• GIVEN RECORDS:
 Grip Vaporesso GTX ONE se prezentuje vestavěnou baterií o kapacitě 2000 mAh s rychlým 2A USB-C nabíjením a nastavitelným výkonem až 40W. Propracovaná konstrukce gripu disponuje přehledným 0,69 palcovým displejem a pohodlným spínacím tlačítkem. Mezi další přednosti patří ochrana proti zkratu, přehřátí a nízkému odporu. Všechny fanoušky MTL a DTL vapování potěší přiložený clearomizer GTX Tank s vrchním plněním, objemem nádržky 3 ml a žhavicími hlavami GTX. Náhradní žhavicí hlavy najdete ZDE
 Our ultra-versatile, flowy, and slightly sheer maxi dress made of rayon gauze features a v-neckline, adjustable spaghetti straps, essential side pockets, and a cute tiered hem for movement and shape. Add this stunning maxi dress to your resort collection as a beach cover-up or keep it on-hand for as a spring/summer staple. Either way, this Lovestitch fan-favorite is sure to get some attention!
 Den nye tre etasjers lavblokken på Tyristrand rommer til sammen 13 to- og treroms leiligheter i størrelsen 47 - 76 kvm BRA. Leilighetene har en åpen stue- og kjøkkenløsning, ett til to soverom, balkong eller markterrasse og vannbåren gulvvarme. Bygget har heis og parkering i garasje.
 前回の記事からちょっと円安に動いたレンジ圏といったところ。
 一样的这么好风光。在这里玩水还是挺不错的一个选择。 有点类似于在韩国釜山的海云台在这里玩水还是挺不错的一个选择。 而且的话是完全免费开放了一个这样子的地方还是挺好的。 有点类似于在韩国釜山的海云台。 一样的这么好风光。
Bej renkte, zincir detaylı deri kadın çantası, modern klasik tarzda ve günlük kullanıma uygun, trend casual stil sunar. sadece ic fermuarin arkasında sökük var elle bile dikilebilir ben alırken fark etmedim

--

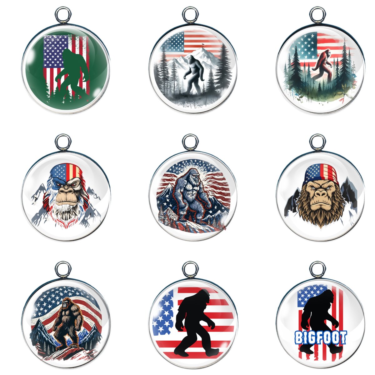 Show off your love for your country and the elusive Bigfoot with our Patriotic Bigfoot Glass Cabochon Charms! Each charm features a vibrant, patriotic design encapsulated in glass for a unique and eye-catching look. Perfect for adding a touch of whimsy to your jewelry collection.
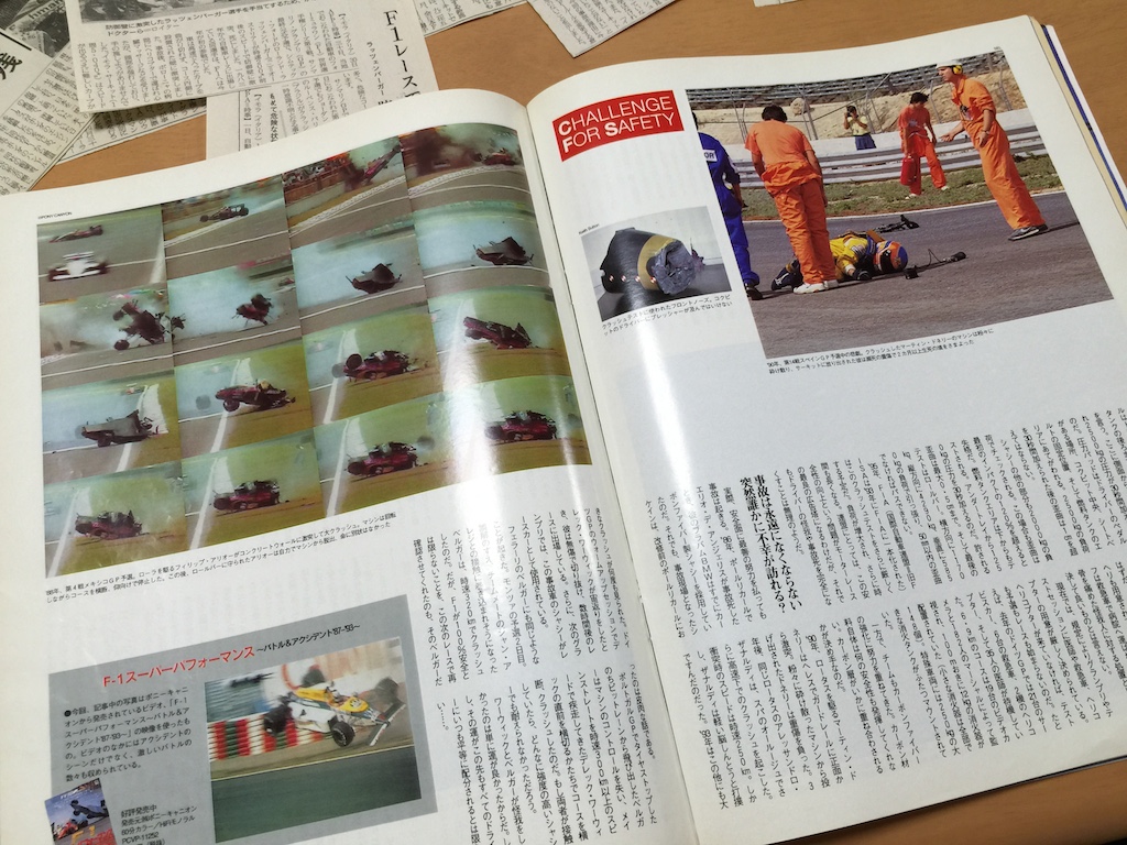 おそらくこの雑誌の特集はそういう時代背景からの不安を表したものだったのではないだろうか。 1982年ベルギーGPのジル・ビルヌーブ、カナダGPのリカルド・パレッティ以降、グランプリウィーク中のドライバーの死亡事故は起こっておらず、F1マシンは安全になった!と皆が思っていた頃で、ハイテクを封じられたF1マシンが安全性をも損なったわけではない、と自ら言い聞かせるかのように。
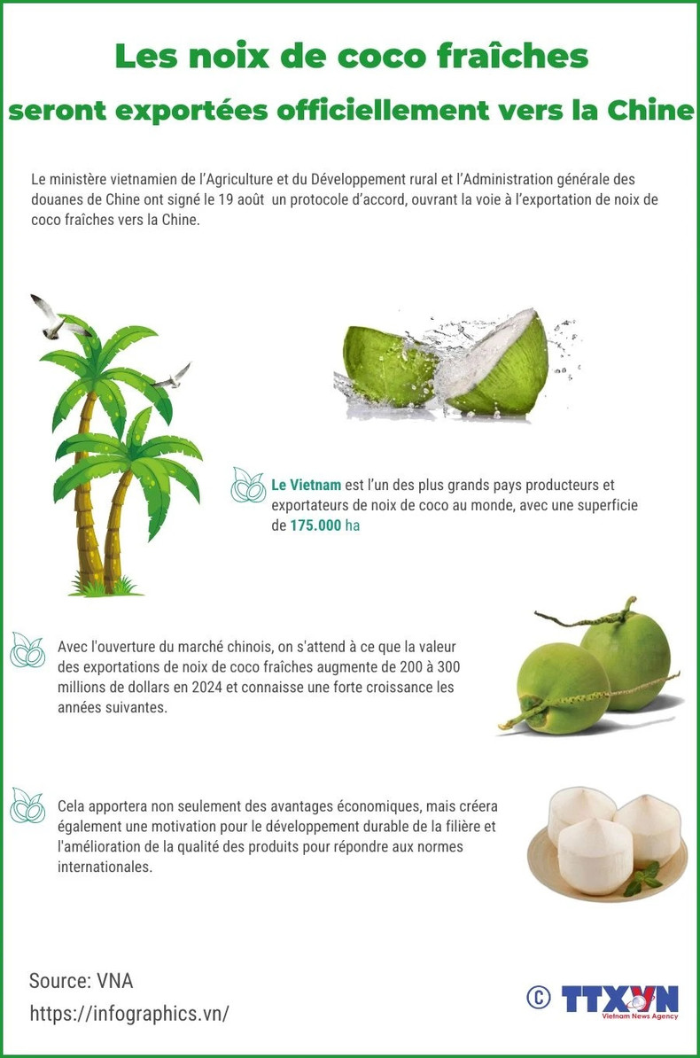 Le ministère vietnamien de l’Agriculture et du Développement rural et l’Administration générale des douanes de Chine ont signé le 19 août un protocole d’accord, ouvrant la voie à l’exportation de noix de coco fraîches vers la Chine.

• REQUIREMENT:
Exactly the lines above from the one with "Den nye tre" to the one with "前回の記事からちょっと円安に動いたレンジ圏といったところ。", both included, are to be quoted; leave the rest out.

• OUTPUT FOR THIS EXERCISE:
 Den nye tre etasjers lavblokken på Tyristrand rommer til sammen 13 to- og treroms leiligheter i størrelsen 47 - 76 kvm BRA. Leilighetene har en åpen stue- og kjøkkenløsning, ett til to soverom, balkong eller markterrasse og vannbåren gulvvarme. Bygget har heis og parkering i garasje.
 前回の記事からちょっと円安に動いたレンジ圏といったところ。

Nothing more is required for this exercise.